Awesome job Craig! Now you have the fuse frame repaired, might I suggest you have her primed and top-coated asap. Priming for obvious reasons, but I have heard several stories of the top coat going on at a later date and there being adhesion issues with even using the same 2k paint brands etc. Just my 2c worth.
Awesome mate! It looks like I can help you with some bits as well...stay tuned
Last Edit: Nov 23, 2012 6:12:01 GMT 12 by agalbraith
Hi Anthony The frame was primed after blasting about 4 months ago and it has taken the intervening time for them to get around to repairing the tube. I think the whole thing now needs a light re blasting good clean off then painting ASAP. Prior to this we will inject either fish oil or linseed oil into tubes run out the excess and seal. The engineer wants to powder coat but I wonder if a thicker coat of more conventional 2 pack may be more robust and easier to touch up scratches etc which will no doubt occur before final assembly. What are your thoughts. PS the Venturi arrived today thank you.

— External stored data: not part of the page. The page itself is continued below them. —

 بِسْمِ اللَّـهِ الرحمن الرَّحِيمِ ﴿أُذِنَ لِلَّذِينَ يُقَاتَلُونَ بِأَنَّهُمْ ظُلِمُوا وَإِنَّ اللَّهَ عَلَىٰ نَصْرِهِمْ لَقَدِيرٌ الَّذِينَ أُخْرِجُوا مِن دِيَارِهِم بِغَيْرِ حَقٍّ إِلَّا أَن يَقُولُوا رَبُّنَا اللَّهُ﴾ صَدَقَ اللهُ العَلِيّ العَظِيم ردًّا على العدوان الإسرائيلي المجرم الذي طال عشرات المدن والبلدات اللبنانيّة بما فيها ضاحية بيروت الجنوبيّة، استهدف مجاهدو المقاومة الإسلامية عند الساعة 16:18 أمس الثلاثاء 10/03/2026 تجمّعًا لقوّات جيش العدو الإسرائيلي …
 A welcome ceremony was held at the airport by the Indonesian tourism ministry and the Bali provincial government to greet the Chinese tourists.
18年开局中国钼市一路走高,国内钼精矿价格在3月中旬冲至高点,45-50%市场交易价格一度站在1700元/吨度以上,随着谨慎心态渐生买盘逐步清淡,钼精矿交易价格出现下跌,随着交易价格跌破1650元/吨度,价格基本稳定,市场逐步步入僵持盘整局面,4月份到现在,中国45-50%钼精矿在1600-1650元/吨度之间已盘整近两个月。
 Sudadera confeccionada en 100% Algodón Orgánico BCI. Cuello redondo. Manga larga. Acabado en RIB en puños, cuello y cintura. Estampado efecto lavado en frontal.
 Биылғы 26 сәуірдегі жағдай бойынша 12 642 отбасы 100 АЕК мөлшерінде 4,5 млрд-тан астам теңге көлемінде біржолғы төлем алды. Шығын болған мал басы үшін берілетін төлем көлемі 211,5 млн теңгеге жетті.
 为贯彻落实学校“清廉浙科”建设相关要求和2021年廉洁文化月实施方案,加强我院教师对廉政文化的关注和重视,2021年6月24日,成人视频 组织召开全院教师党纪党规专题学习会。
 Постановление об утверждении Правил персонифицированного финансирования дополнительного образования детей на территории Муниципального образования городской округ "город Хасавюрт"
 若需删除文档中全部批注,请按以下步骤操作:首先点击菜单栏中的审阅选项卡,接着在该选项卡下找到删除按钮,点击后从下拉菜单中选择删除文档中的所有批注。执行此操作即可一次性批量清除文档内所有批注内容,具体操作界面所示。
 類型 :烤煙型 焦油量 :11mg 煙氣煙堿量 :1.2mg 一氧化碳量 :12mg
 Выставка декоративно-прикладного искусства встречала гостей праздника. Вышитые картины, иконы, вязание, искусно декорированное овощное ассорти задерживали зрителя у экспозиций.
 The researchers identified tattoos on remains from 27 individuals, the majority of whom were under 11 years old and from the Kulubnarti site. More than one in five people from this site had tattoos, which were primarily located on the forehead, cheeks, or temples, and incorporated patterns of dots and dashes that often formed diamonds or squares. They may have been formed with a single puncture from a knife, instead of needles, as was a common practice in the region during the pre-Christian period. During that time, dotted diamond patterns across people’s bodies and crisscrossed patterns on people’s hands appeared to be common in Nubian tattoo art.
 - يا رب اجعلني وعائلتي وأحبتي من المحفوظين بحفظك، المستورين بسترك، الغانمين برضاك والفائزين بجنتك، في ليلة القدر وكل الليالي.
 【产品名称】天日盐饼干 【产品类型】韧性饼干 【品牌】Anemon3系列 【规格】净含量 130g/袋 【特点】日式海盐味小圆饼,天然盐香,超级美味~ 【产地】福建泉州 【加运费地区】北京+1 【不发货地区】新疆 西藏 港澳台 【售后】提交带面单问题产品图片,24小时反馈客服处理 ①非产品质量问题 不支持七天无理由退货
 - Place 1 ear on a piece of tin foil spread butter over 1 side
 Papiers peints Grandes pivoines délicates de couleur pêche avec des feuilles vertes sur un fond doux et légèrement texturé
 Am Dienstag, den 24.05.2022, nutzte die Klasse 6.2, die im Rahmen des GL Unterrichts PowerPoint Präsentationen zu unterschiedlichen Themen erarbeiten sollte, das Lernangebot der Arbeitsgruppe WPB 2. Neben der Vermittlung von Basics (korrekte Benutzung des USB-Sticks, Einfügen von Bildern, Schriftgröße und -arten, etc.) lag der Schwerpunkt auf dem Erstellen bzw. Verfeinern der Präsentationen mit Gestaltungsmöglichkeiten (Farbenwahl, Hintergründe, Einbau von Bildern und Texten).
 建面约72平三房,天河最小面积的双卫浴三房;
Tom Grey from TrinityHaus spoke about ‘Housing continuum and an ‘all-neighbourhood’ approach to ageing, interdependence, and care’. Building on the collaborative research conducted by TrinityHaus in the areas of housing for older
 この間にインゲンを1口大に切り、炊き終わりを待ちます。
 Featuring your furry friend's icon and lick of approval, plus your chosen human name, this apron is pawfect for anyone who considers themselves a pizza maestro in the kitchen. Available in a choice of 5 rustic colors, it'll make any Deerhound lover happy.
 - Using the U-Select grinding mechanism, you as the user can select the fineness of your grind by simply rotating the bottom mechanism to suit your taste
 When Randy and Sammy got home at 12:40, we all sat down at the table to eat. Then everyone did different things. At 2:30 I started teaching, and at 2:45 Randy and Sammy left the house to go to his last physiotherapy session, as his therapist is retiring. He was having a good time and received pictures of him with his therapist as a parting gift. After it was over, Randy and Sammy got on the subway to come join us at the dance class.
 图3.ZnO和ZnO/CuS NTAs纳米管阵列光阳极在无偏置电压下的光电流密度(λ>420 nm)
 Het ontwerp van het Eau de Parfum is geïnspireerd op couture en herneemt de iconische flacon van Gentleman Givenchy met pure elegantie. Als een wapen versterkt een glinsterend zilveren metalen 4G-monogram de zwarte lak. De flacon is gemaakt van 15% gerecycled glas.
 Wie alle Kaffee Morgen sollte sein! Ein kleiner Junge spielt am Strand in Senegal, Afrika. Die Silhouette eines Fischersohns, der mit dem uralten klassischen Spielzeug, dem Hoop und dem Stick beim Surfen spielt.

Post by agalbraith on Nov 23, 2012 10:28:34 GMT 12
Hi Craig, glad the venturi arrived.
I would recommend 2k paint over baked on. The reason I have mine done this way is for 2 reasons 1: Thats what JEM Aviation wanted to do and they are the rebuilders/engineers etc. and 2: I spoke to several people and was advised not to go down the powder coat option as it aparently has a tendancy to chip more than 2k and in some cases if it cracks at an intersection can trap moisture etc.
Good to hear you are protecting the tube interiors as well!